Make an exact copy of the records, with the pictures left out.

Source records

####

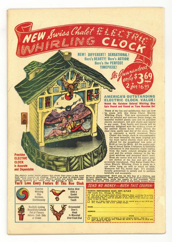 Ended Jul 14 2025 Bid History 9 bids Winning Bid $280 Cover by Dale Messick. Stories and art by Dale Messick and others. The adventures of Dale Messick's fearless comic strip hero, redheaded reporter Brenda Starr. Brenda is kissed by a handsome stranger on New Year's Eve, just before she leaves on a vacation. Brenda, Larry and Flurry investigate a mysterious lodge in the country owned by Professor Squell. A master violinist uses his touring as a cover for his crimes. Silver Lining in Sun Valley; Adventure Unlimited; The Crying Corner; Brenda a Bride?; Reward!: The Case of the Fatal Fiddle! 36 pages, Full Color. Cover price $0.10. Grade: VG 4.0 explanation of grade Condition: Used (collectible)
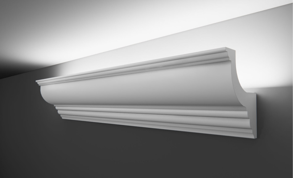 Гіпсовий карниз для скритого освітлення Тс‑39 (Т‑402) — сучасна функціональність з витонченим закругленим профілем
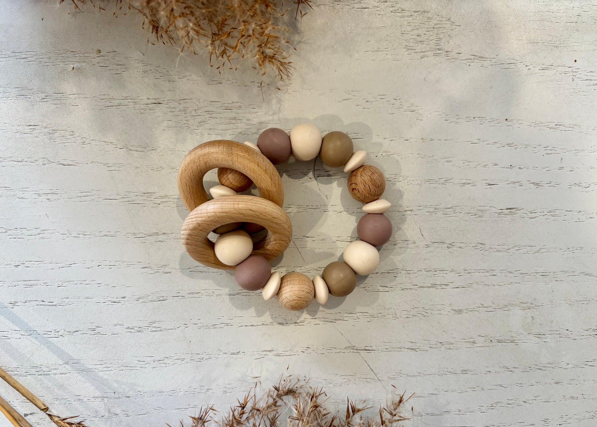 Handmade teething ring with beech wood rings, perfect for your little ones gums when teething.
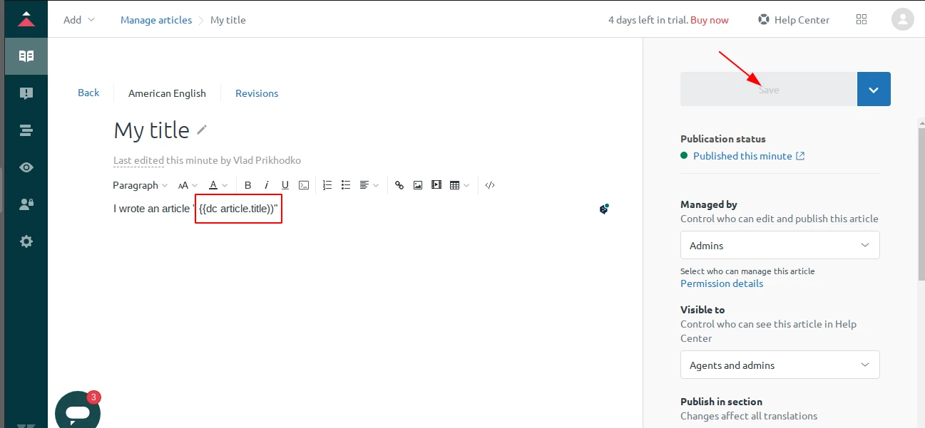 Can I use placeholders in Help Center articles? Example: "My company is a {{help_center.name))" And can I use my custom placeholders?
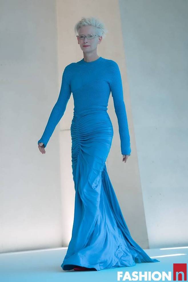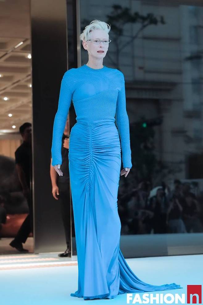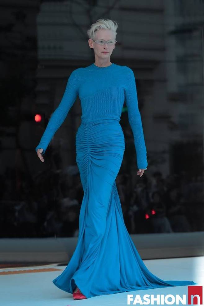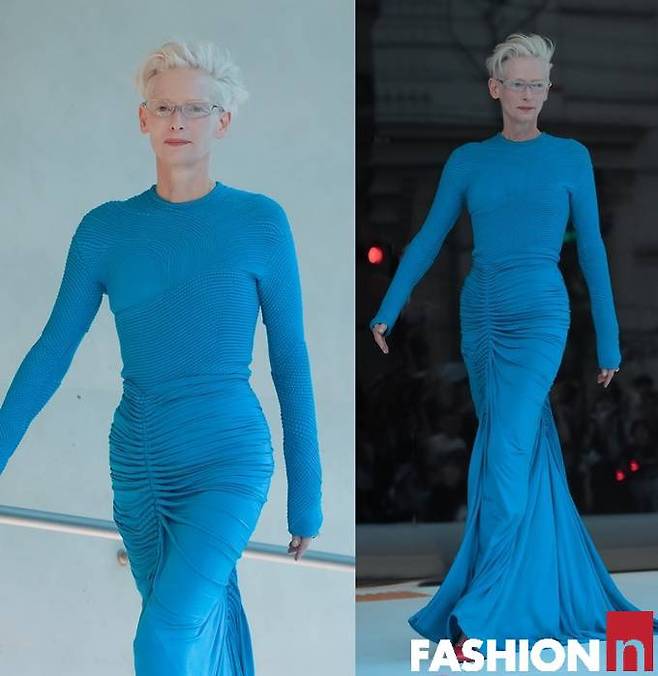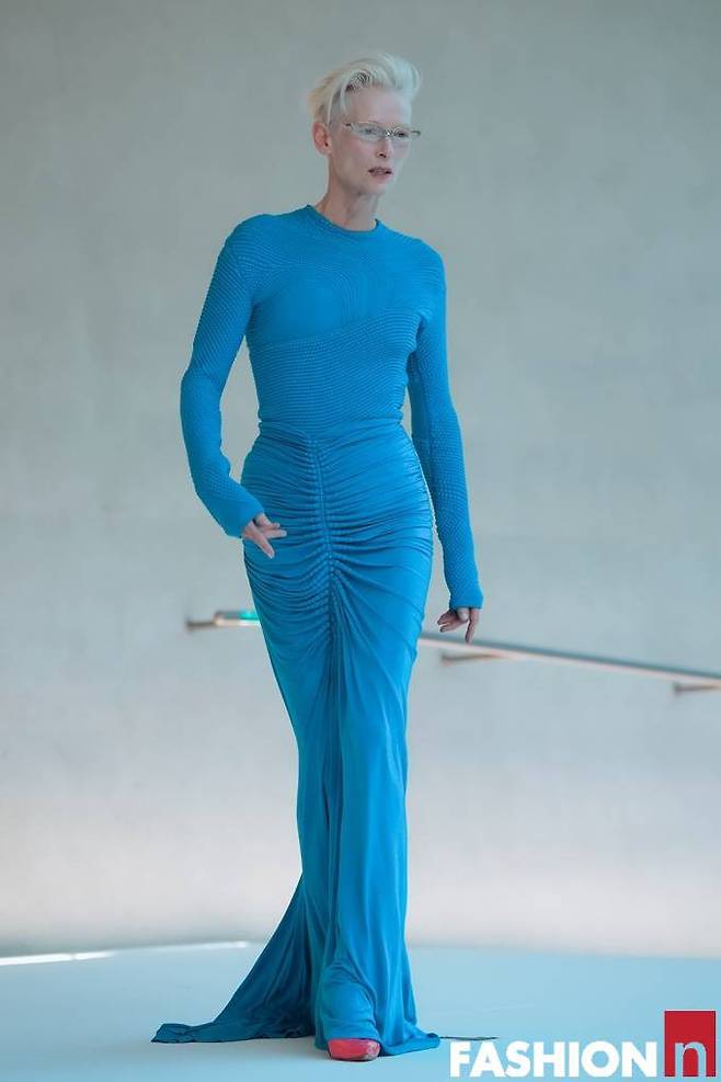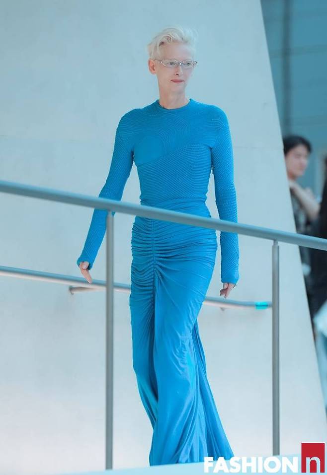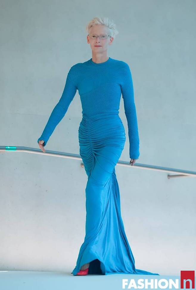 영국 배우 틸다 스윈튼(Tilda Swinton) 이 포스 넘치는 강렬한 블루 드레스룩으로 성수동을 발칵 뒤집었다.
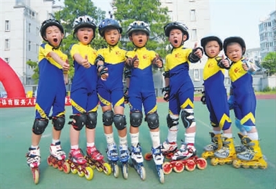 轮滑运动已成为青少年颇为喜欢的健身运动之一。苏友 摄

####

__TASK SOLUTION__.
 Ended Jul 14 2025 Bid History 9 bids Winning Bid $280 Cover by Dale Messick. Stories and art by Dale Messick and others. The adventures of Dale Messick's fearless comic strip hero, redheaded reporter Brenda Starr. Brenda is kissed by a handsome stranger on New Year's Eve, just before she leaves on a vacation. Brenda, Larry and Flurry investigate a mysterious lodge in the country owned by Professor Squell. A master violinist uses his touring as a cover for his crimes. Silver Lining in Sun Valley; Adventure Unlimited; The Crying Corner; Brenda a Bride?; Reward!: The Case of the Fatal Fiddle! 36 pages, Full Color. Cover price $0.10. Grade: VG 4.0 explanation of grade Condition: Used (collectible)
 Гіпсовий карниз для скритого освітлення Тс‑39 (Т‑402) — сучасна функціональність з витонченим закругленим профілем
 Handmade teething ring with beech wood rings, perfect for your little ones gums when teething.
 Can I use placeholders in Help Center articles? Example: "My company is a {{help_center.name))" And can I use my custom placeholders?
 영국 배우 틸다 스윈튼(Tilda Swinton) 이 포스 넘치는 강렬한 블루 드레스룩으로 성수동을 발칵 뒤집었다.
 轮滑运动已成为青少年颇为喜欢的健身运动之一。苏友 摄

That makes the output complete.